» **Data excerpts**:

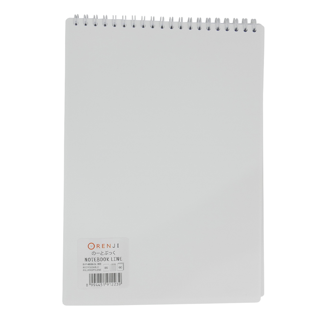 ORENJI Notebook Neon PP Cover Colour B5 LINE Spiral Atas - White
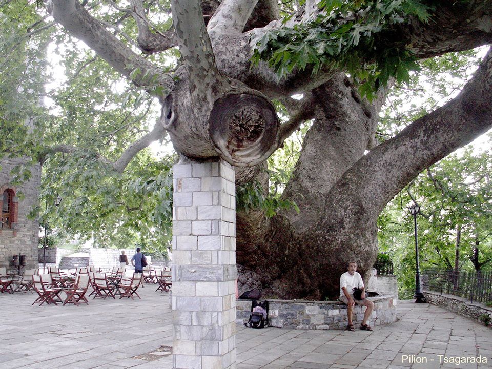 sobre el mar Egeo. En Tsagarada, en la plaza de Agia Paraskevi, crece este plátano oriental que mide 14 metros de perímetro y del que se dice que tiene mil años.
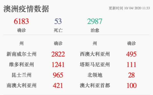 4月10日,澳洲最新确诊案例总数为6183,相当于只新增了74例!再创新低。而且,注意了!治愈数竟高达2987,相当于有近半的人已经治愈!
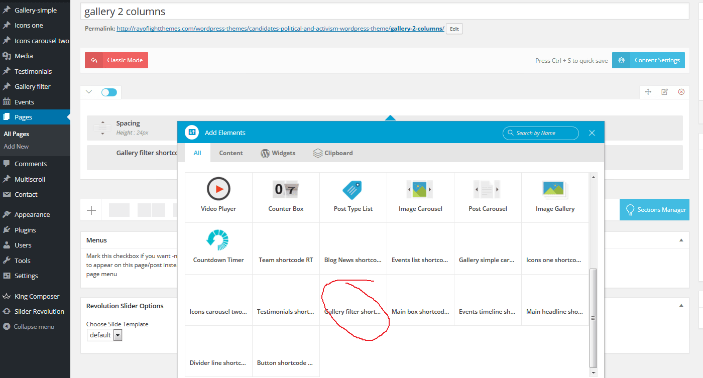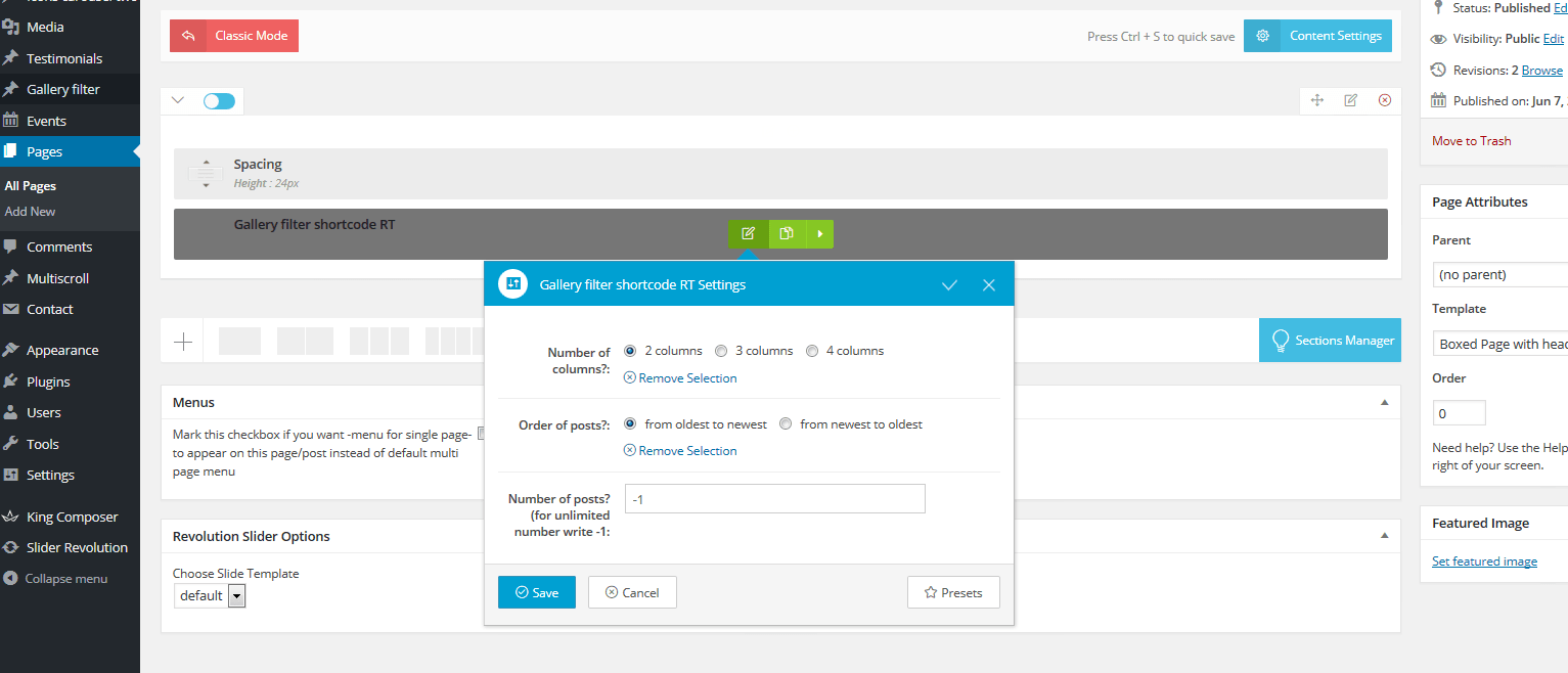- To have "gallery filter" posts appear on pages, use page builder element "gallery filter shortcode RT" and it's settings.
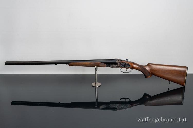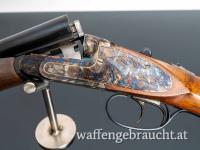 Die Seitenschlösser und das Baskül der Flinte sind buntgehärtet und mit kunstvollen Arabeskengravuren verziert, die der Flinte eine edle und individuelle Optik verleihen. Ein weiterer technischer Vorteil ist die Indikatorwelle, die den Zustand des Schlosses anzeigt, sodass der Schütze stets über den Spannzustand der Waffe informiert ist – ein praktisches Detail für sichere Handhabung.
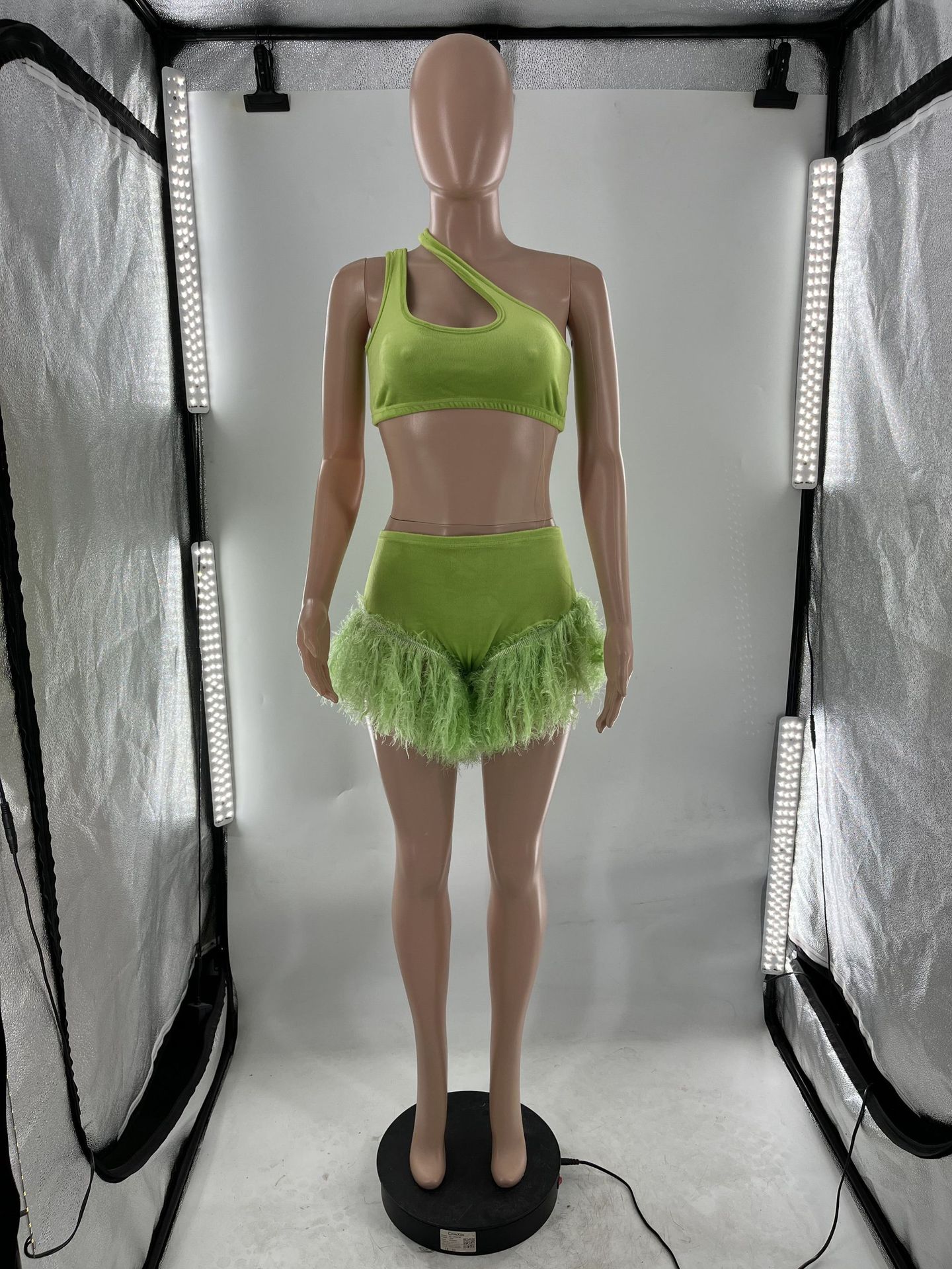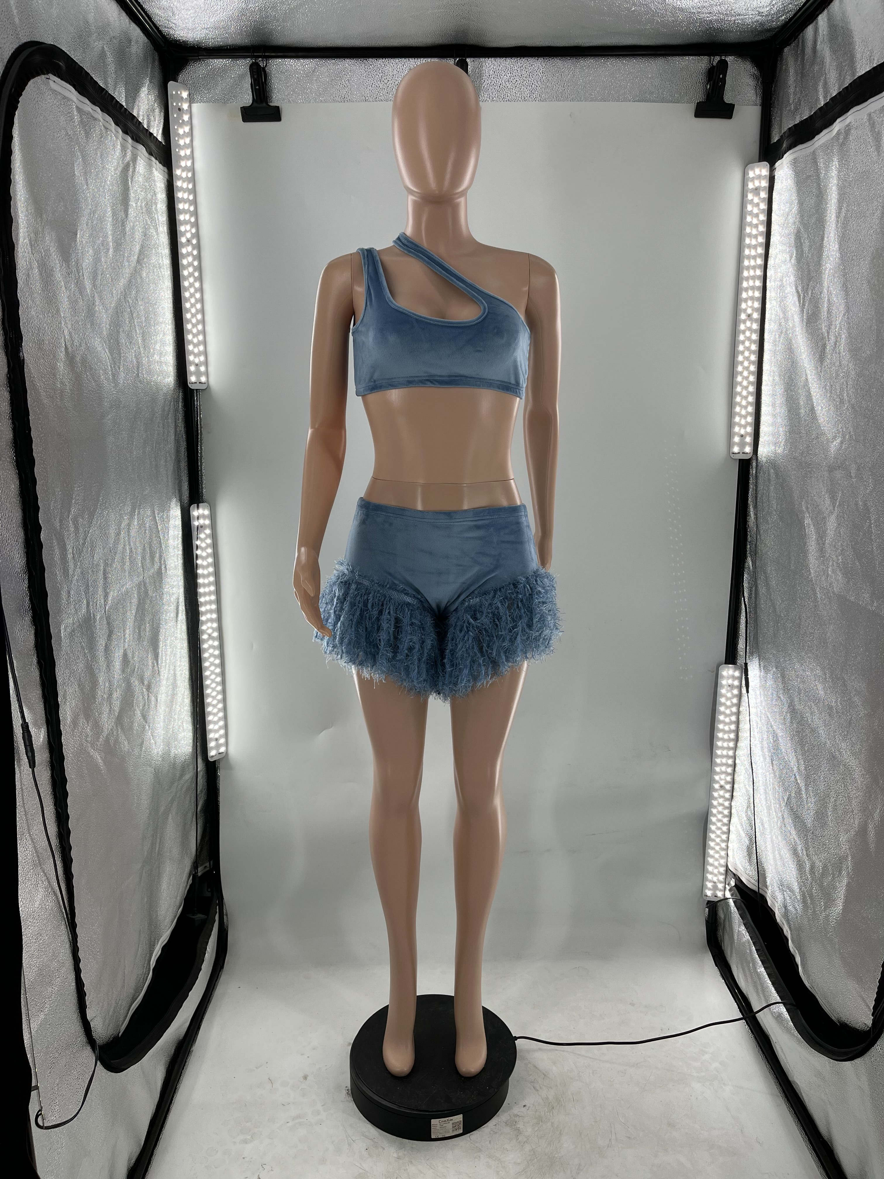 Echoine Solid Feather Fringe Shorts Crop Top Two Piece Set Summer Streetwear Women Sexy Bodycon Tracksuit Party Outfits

» **Instructions to follow**: All that is wanted is the lines above between the one containing "4月10日,澳洲最新确诊案例" and the one containing "and it's settings.", inclusive, restated word for word, with pictures omitted.

» **Answer to this exercise**:
 4月10日,澳洲最新确诊案例总数为6183,相当于只新增了74例!再创新低。而且,注意了!治愈数竟高达2987,相当于有近半的人已经治愈!
- To have "gallery filter" posts appear on pages, use page builder element "gallery filter shortcode RT" and it's settings.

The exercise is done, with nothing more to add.